▶ [PROMPT]
Only some lines are wanted: please transcribe exactly those from the one containing "Выложите тонко нарезанный" through the end of the data, pictures excluded.

▶ [DATA BELOW]
[Start of Attachment]

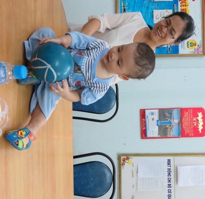 | Bo rất ngoan và hiếu động, đang chơi với cán bộ phường. |
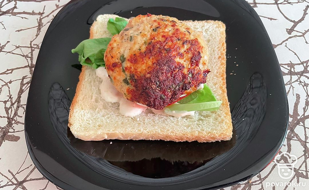Выложите тонко нарезанный ломтик томата, сверху аккуратно положите котлету.
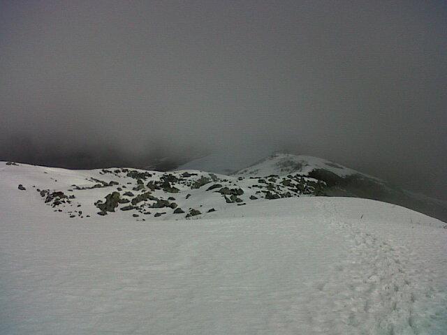 Salito fino al colle, nessuna traccia di neve. Qualche scorcio sulla Ovest del Viso, innevata dai 3000 in su, per il resto nebbie vaganti. Pochisima…

[End of Attachment]

▶ [RESULT FOR THIS EXERCISE]
Выложите тонко нарезанный ломтик томата, сверху аккуратно положите котлету.
 Salito fino al colle, nessuna traccia di neve. Qualche scorcio sulla Ovest del Viso, innevata dai 3000 in su, per il resto nebbie vaganti. Pochisima…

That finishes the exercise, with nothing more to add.